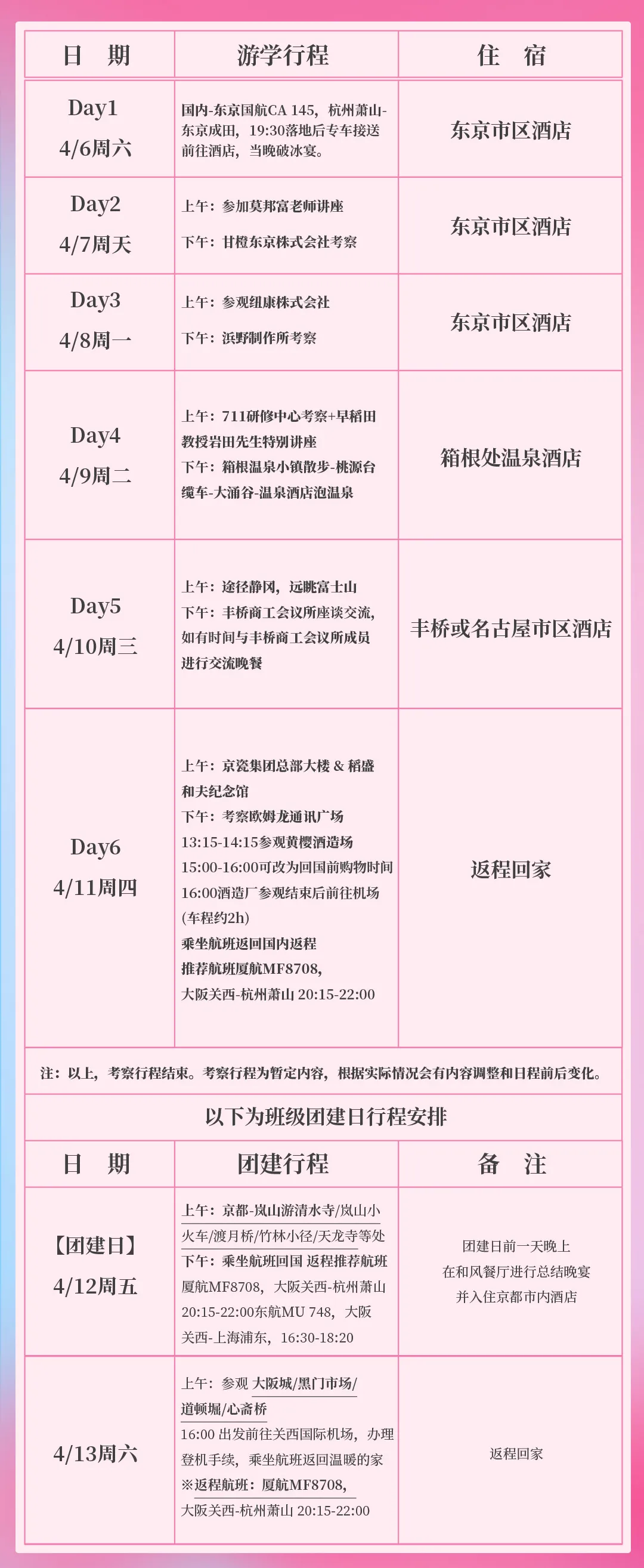 為了增強班級凝聚力,也為本次《冠軍之旅》增添更多美好的回憶素材,在結束游學(xué)參訪(fǎng)之后,課研組還將組織一場(chǎng)異國的班級團建。
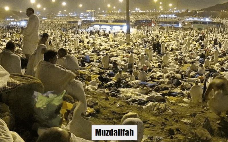 Après le coucher du soleil, les pèlerins quittent l'Arafat pour Muzdalifah où ils offrent deux prières (Maghrib et Isha) combinées. Ils passent toute la nuit à ciel ouvert et ramassent les cailloux pour le rituel de lapidation (rami) dans la Muzdalifah. Ils quittent cette ville le matin du 10e jour du Hajj.
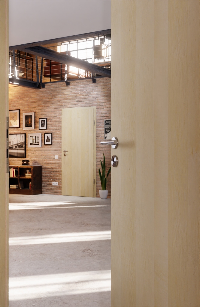 Naturalna obróbka drewna: Drzwi wewnętrzne Optima firmy Jeld-Wen, fornirowane drewnem naturalnym w kolorze klonu kanadyjskiego Living, łączą w sobie doskonałą jakość wykonania z elegancką powierzchnią drewnianą.

※

TO DO: Output the whole listing again, exactly, without its pictures.

EXPECTED OUTPUT:
 為了增強班級凝聚力,也為本次《冠軍之旅》增添更多美好的回憶素材,在結束游學(xué)參訪(fǎng)之后,課研組還將組織一場(chǎng)異國的班級團建。
 Après le coucher du soleil, les pèlerins quittent l'Arafat pour Muzdalifah où ils offrent deux prières (Maghrib et Isha) combinées. Ils passent toute la nuit à ciel ouvert et ramassent les cailloux pour le rituel de lapidation (rami) dans la Muzdalifah. Ils quittent cette ville le matin du 10e jour du Hajj.
 Naturalna obróbka drewna: Drzwi wewnętrzne Optima firmy Jeld-Wen, fornirowane drewnem naturalnym w kolorze klonu kanadyjskiego Living, łączą w sobie doskonałą jakość wykonania z elegancką powierzchnią drewnianą.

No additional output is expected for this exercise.